Exploring the dark world of black Magic to set the scene for a crime thriller

by Carola Kolbeck


Black magic has long been a dangerous and dark power that has woven a mysterious net throughout history.  Its name is given to inexplicable or supernatural powers of evil characters.  Black magic stands in contrast to white magic, which is seen as its good counterpart.  Generally, white magic serves to bring the practitioner closer to spirituality and nature.  Black magic, however, is said to be a selfish means for the practitioner to make gains from it.   



Historically, all magic was seen as evil and suspect, as the witch burnings from the Renaissance or earlier history show.  Some reports of witchcraft and witch burnings or executions go back to ancient Egypt and Babylonia, where sometimes women were executed with their children, if they were believed to have used magic in the form of drugs or curses.  


In the Renaissance, any form of magic, be it white or black, was considered an affront to religion and punished with a sure death sentence.  The upper and educated classes may have studied “natural magic” without consequences, but any form of ritualistic magic or magic practised by the common folk was seen as a crime.  


Black magic can still be found today, be it as an occult, satanism or sorcery.  A search on the Internet shows that not only do people believe in it, they also search for answers on how to protect themselves against it.  Supernatural forces, be they good or evil, clearly have a huge pull in today’s world.  


The human race has always sought to deal with uncontrollable events by turning to a higher power.  Being able to control outcomes for one's own selfish gain may be a reason why some turn to a darker practice of dark magic.  Black magic, voodoo and murder often go together and some cults believe that potions or human sacrifices bring them wealth and good fortune.  



Black Magic - The fuel for Andrew Segal’s latest crime thriller “The Black Candle Killings”



In his latest novel, the sequel to its first Book in the Tammy Pierre Book Series, Andrew Segal takes his readers on a dark and gruesome journey of black magic, where the private investigator Tammy finds herself in mortal danger, far away from home.  We spoke to Andrew about his new book, his influences on his writing and how he cooked up this intriguing and dark story.

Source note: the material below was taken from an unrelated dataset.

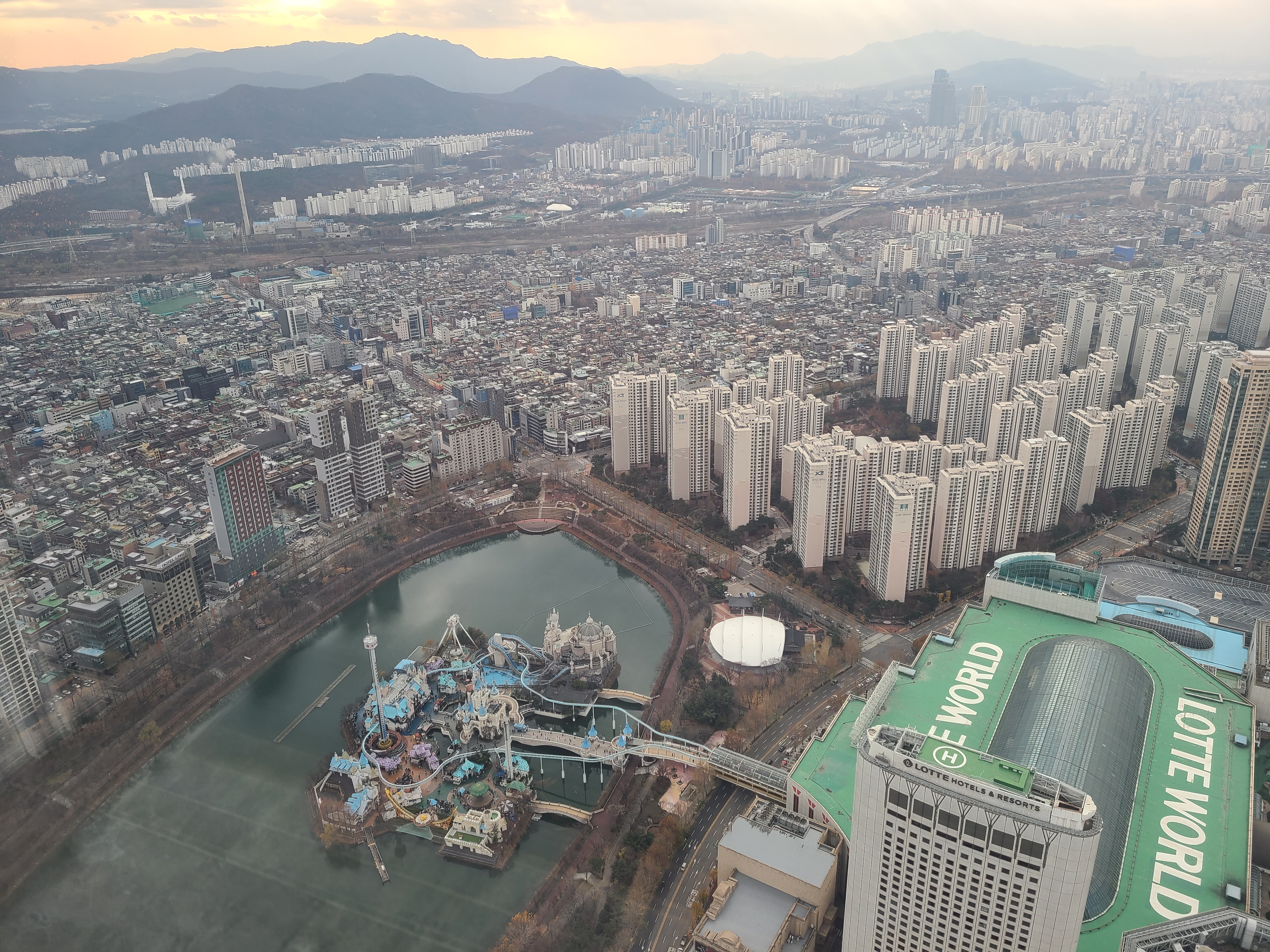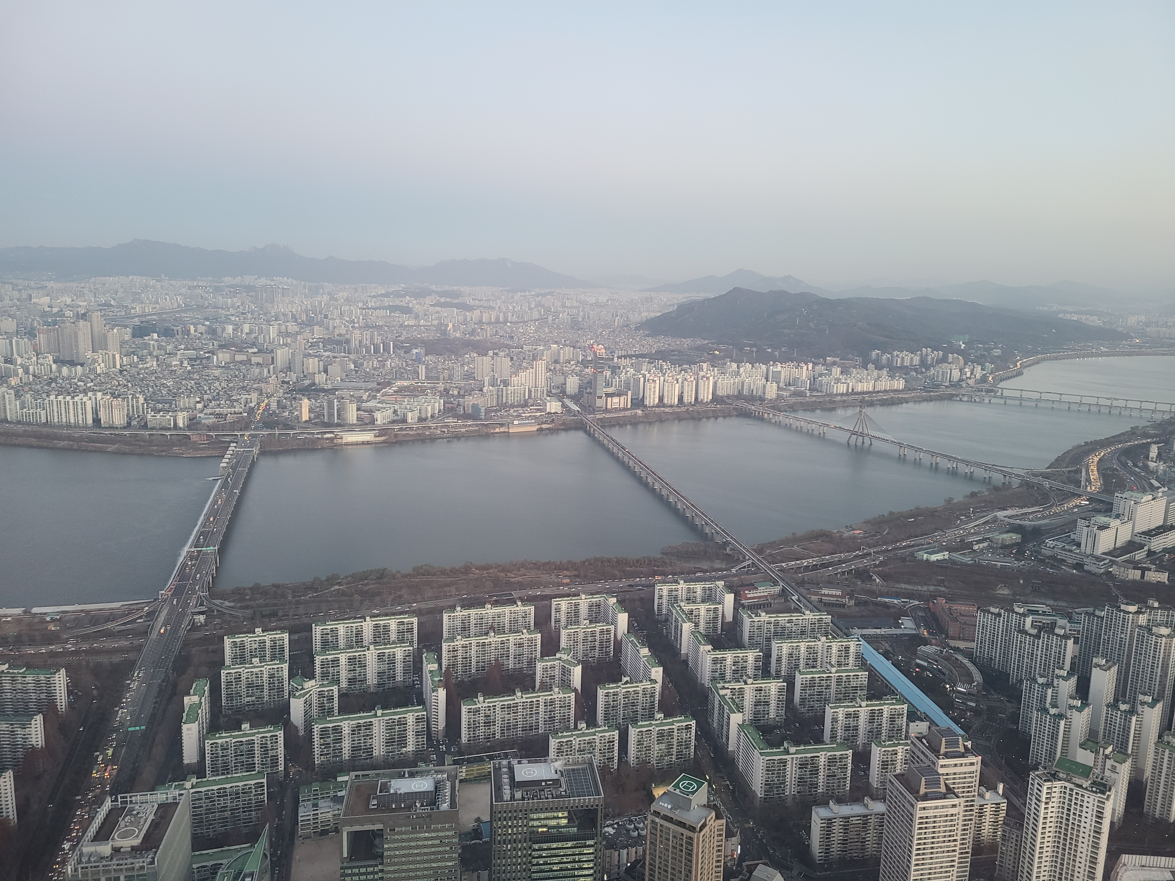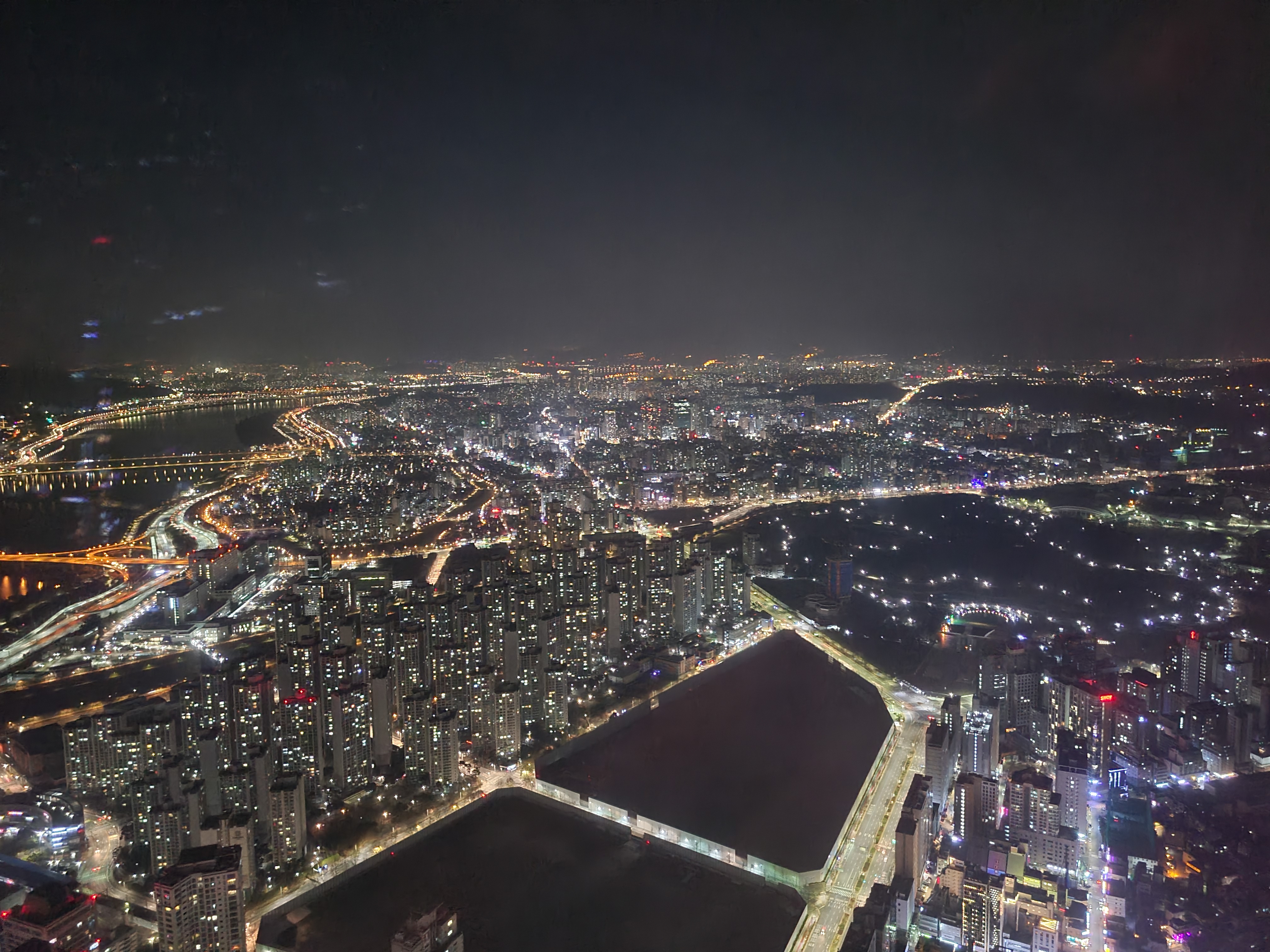 엘베를 타고 79층에 올라오면 로비가 있습니다. 여기 뷰도 끝장나더라구요. 블로그에 돌아다니는 롯데월드 항공샷이 여기서 찍었을 거라 생각했어요. 제가 간 날 날씨가 우중충해서 사진이 이쁘게 나오지 않아 좀 아쉬웠지만 그래도 뷰만큼은 진짜 멋지네요.

Andrew, thank you so much for taking the time to read and answer these questions.


Congratulations on your fabulous new book

The Black Candle Killings.
Please tell your readers: How did the idea of a female Private Investigator come to life? 


I wanted to make a change from the usual macho loner. I couldn't find many female PIs on Google, (plenty of female police), so thought I'd work on that. I planned a woman who would be both physically and mentally strong, but a woman unafraid to acknowledge her essential femininity nonetheless. She stands out, being just over six feet tall, and makes no apology for being a committed fashion icon. She's an exponent of Krav Maga, the Israeli system of self defence. She's experienced all sorts of prejudice being both mixed race and Jewish. She has both specifically female and also personal weaknesses. With high levels of testosterone, whilst unlikely to conceive she still hankers after motherhood. She's sexually profligate with an Israeli occasional lover in tow, whilst living with her female partner. She does lines of cocaine, smokes panatellas and drinks vodka. She is a woman of absolute integrity, and a damn good PI.

She sounds absolutely fabulous Andrew.  

 

Is Tammy Pierre based on someone you know in real life? 

My first wife, Helen, was mixed race, born in Trinidad to an Afro father and mother of Portuguese background. At 5'9", she was tall, but not as tall as Tammy, my main character. That was my starting off point and I built on it and her from there. 

 

The topic of Black Magic features heavily in your latest book.  Tell us more about your interest in Black Magic. 

On the occasions I visited Trinidad the subject of Black Magic came up from time to time. Helen's family and background was business and professional, her father was an architect. I wondered what that section of the community would make of Black Magic, or Obiah as they called it. The consensus was, it's all superstitious nonsense. But, whatever you do, DON'T get involved with it in any way. I took the advice and never went to any demonstrations.

Sounds quite dubious! 


Do you ever try and see things from the bad guy’s perspective when writing? 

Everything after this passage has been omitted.